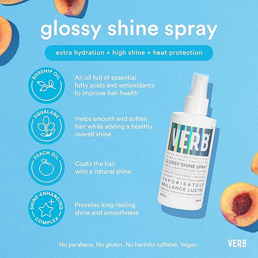 VERB Glossy Shine Spray - Moisturizing Heat Protection Hair Spray - Adds High Shine and Primes for Styling - Vegan, No Parabens or Harmful Sulfates
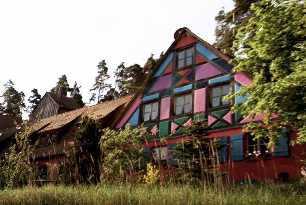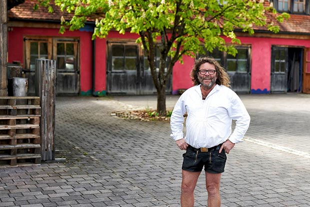 Sein eigenes Zuhause wiederum sieht sehr künstlerisch aus: Eigentlich ist es ein traditionelles Fachwerkhaus, wie es in Dirschs Heimat Mittelfranken üblich ist: „Früher war es schwarz-weiß, aber dann haben meine Frau und ich die Fachwerke mit bunten Farben angestrichen“. Er erzählt und lacht: „Oft spazieren Kinder vorbei und sagen: Schau mal, da ist ja die Villa Kunterbunt.“
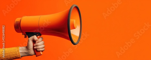 Bright Orange Megaphone Held by Hand Against Vibrant Orange Background Ideal for Attention and Communication Themes
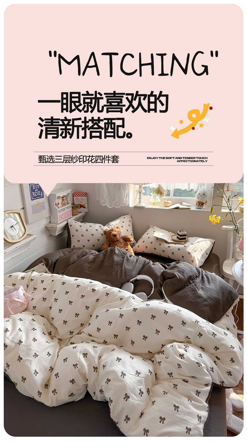 当前位置: 91家纺网 > 商品网购 > 床品套件 > 四件套 > 其它四件套 > 玉海棠家纺 2025新款甄选三层纱印花四件套 碱水结
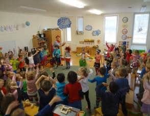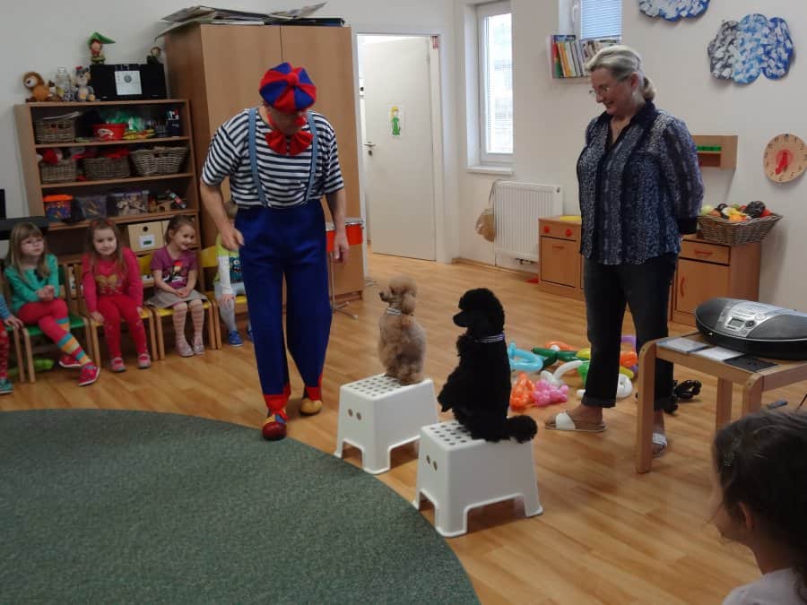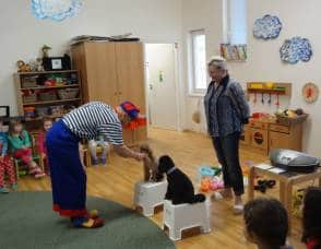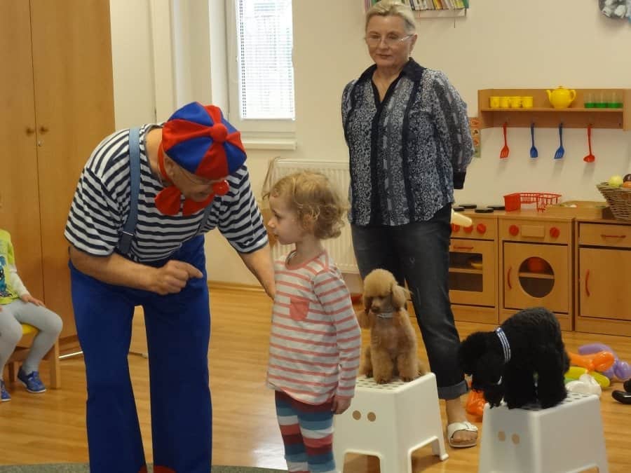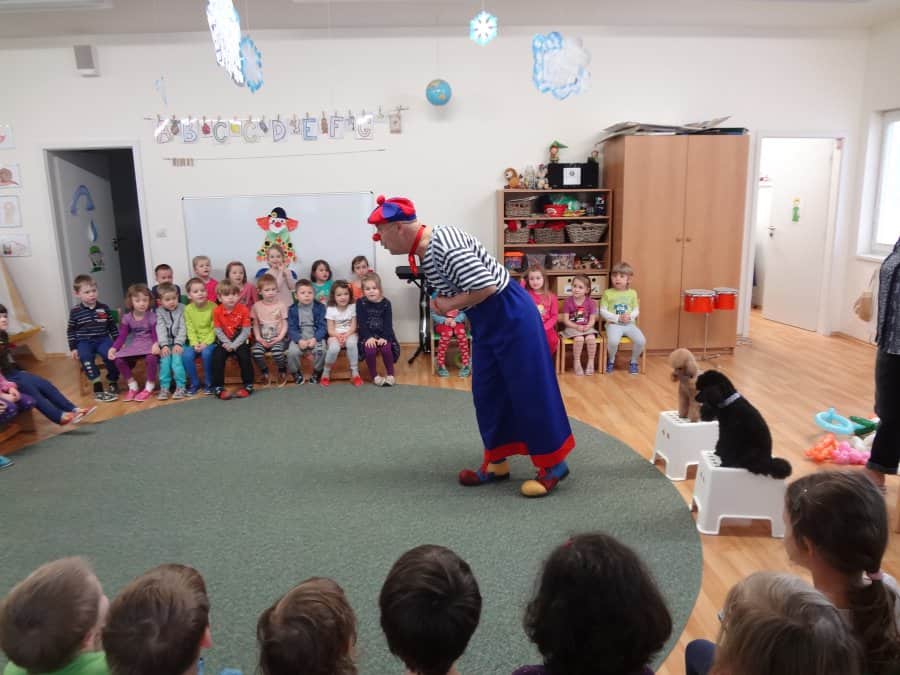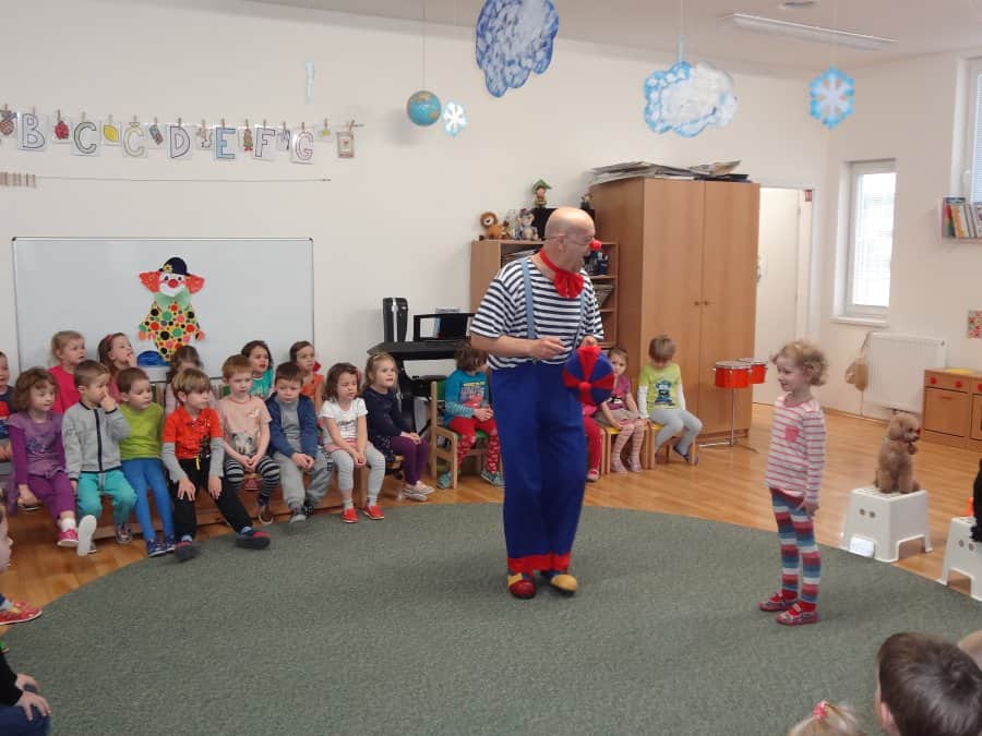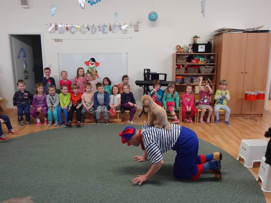 navštívil již po třetí Kostičku. Klaun je velmi dětmi oblíbený, mimo jiné i kvůli svým dvěma pejskům, kteří s Pepínem spolupracují a předvádějí různé taškařice. Děti si jeho program pořádně užily.
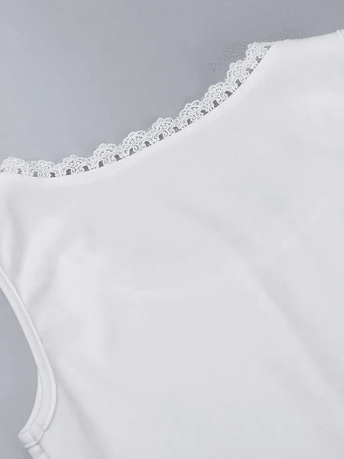 White Vintage Button Front Tank Top with Lace Trim

● ● ● ● ● ● ●

→ ACTIVITY:
Include the first line of the records, the line containing "Bright Orange Megaphone", and every line between them, repeated exactly. Skip the pictures.

→ RESPONSE AREA:
 VERB Glossy Shine Spray - Moisturizing Heat Protection Hair Spray - Adds High Shine and Primes for Styling - Vegan, No Parabens or Harmful Sulfates
 Sein eigenes Zuhause wiederum sieht sehr künstlerisch aus: Eigentlich ist es ein traditionelles Fachwerkhaus, wie es in Dirschs Heimat Mittelfranken üblich ist: „Früher war es schwarz-weiß, aber dann haben meine Frau und ich die Fachwerke mit bunten Farben angestrichen“. Er erzählt und lacht: „Oft spazieren Kinder vorbei und sagen: Schau mal, da ist ja die Villa Kunterbunt.“
 Bright Orange Megaphone Held by Hand Against Vibrant Orange Background Ideal for Attention and Communication Themes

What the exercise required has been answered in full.